Unnamed: 0,Suburb,Average rental prices,Latitude,Longitude
0,Bukasa,856939,-0.43438,32.502563
1,Bukoto,1100000,-0.39288,31.63031
2,Bunga,1475000,0.272844,32.620329
3,Buziga,1216667,0.258917,32.617698
4,Bweyogerere,550000,0.352032,32.673612


At this point we can create a map showing the suburb areas without shopping malls

In [70]:
# create map of Kampala indicating the suburbs using latitude and longitude values
map_kampala = folium.Map(location=[latitude, longitude], zoom_start=12)

# add markers to map
for lat, lng, hood in zip(df['Latitude'], df['Longitude'], df['Suburb']):
    label = '{}'.format(hood)
    label = folium.Popup(label, parse_html=True)
    folium.CircleMarker(
        [lat, lng],
        radius=5,
        popup=label,
        color='blue',
        fill=True,
        fill_color='#3186cc',
        fill_opacity=0.7).add_to(map_kampala)  
    
map_kampala

In [71]:
map_kampala.save('cluster_nomalls.html')

## Objective 2
As stated in our second objective.
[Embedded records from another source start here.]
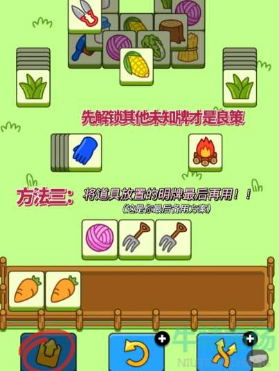 3、值得注意的是把正下方的放置道具方块放在最后使用,哪些显而易见的方块可以放置在一边,先把底牌亮出来。
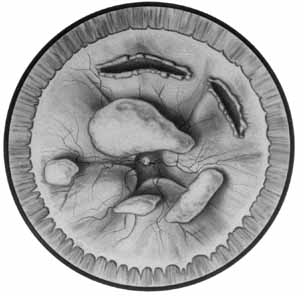 final visual acuity.12,15,22 RETINAL DETACHMENT The presence of retinal detachment remains one of the most serious factors effecting final visual acuity.23 The presence of retinal detachment at the time of initial evaluation occurs in 4% to 10% of patients, although the percentages have declined somewhat in recent years. At the time of surgery to remove retained lens material, retinal tears and detachment may also be discovered. Additionally, there can be significant comorbidities such as giant retinal tears, suprachroidal hemorrhages, and endophthalmitis. Proliferative vitreoretinopathy may occur and usually results in a final vision of 20/200 or less (Fig. 3). In general, retinal reattachment is still achieved in 90% of patients with complicated surgery from retained lens material. However, 31% of patients require more than one surgery. Only 48% of patients achieve final visual acuity of 20/100 or better.17,21,24,25 CYSTOID MACULAR EDEMA Cystoid macular edema is another important factor affecting final visual acuity. Although macular edema can occur from any lens surgery, prolonged surgery and phacoemulsification power can increase the incidence and severity. The occurrence of uveitis in retained lens material cases also increase the prevalence of CME and offers a poorer visual prognosis.15 ENDOPHTHALMITIS The incidence of endophthalmitis in eyes with retained lens material after cataract extraction is rare. However, the exact incidence is unknown. Patients present with signs and symptoms typical of endophthalmitis with ocular pain and inflammation. Hypopyon must be differentiated from the pseudohypopyon secondary to retained lens material. Typically, endophthalmitis produces a more cellular reaction in the anterior chamber as well as a fibrinoid reaction. The decision for surgical intervention versus medical management is unclear. No current studies have evaluated the diference in regard to final visual acuity. Due to the severity of the disease and possible confusion in differentiating the clinical picture, however, we feel that early surgical intervention is prudent in cases of suspected endophthalmitis in the setting of retained lens material. In a small case series, a majority of such patients achieved better than 20/400 acuity following vitrectomy and use of intravitreal antibiotics.26 |
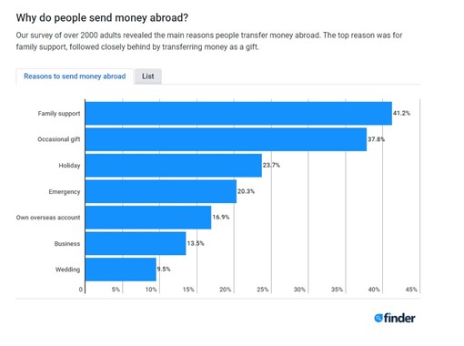 According to Finder, a UK-based credit broker, these are the main reasons people make international money transfers:
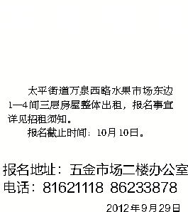 太平街道万泉西路水果市场东边1—4间三层房屋整体出租,报名事宜详见招租须知。
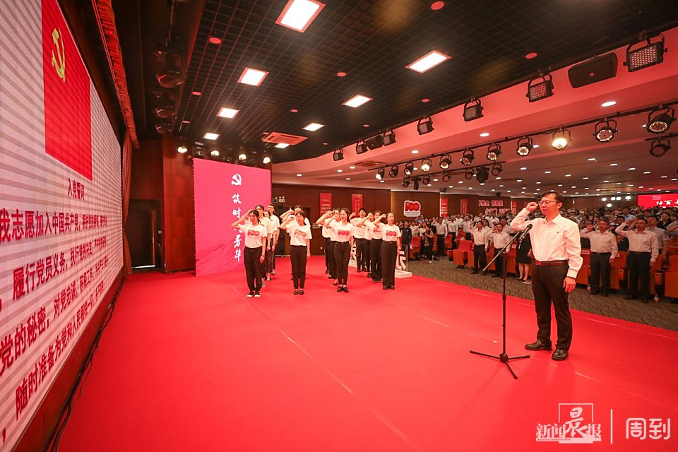 6月29日,在上海对外经贸大学举行的市教卫工作党委系统第三季“伟大工程”系列示范党课上,校长汪荣明带领新入党师生党员代表、现场党员师生重温入党誓词,铮铮誓言,久久回响,振奋人心。

The intended location is supporsed to be in a high to middle income suburb. For this we shall only select suburbs with rental charges greater than 1,000,000 Ugandan shillings. This is done with the assumption that those capable of paying such rental charges can also afford shopping in the high end shopping mall.

In [74]:
# drop cells with surburbs that have rental prices below 1,000,000
df_lan =df[df['Average rental prices'] > 1000000].reset_index(drop=True)
print(df_lan.shape)
df_lan

(7, 4)


Unnamed: 0,Suburb,Average rental prices,Latitude,Longitude
0,Bukoto,1100000,-0.39288,31.63031
1,Bunga,1475000,0.272844,32.620329
2,Buziga,1216667,0.258917,32.617698
3,Luzira,1144293,0.297493,32.652819
4,Lweza,2080000,0.224644,32.547464
5,Munyonyo,2010582,0.244545,32.62175
6,Muyenga,2275000,0.299107,32.618571


After fulfilling the criteria set, we are left with only 7 suburbs namely Bukoto, Bunga, Buziga, Luzira, Lweza, Munyonto and Muyenga. 

## We then plot a map indicating the remaining suburb areas

In [81]:
# create map of Toronto using latitude and longitude values
map_kampala = folium.Map(location=[latitude, longitude], zoom_start=12)

# add markers to map
for lat, lng, hood in zip(df_lan['Latitude'], df_lan['Longitude'], df_lan['Suburb']):
    label = '{}'.format(hood)
    label = folium.Popup(label, parse_html=True)
    folium.CircleMarker(
        [lat, lng],
        radius=5,
        popup=label,
        color='blue',
        fill=True,
        fill_color='#3186cc',
        fill_opacity=0.7).add_to(map_kampala)
    folium.CircleMarker(
        [0.2734828, 32.6165844],
        radius=90,
        popup='loaction11',
        color='yellow',
        fill=False,).add_to(map_kampala)
    

    
map_kampala

Visually we can see that there is a clustering suburbs consisting of Muyenga, Bunga, Buziga and Munyonyo. These are well known high end suburbs consisting of posh neighborhoods housing mostly the wealthy. It would be great to have a mall that can be accessed by all the residents in the 4 mentioned suburbs. A mall set up within the visinity of the yellow circle that was proximated by getting the average of the latitude and longitude cordinates of the 4 suburbs would be very practicle and visible.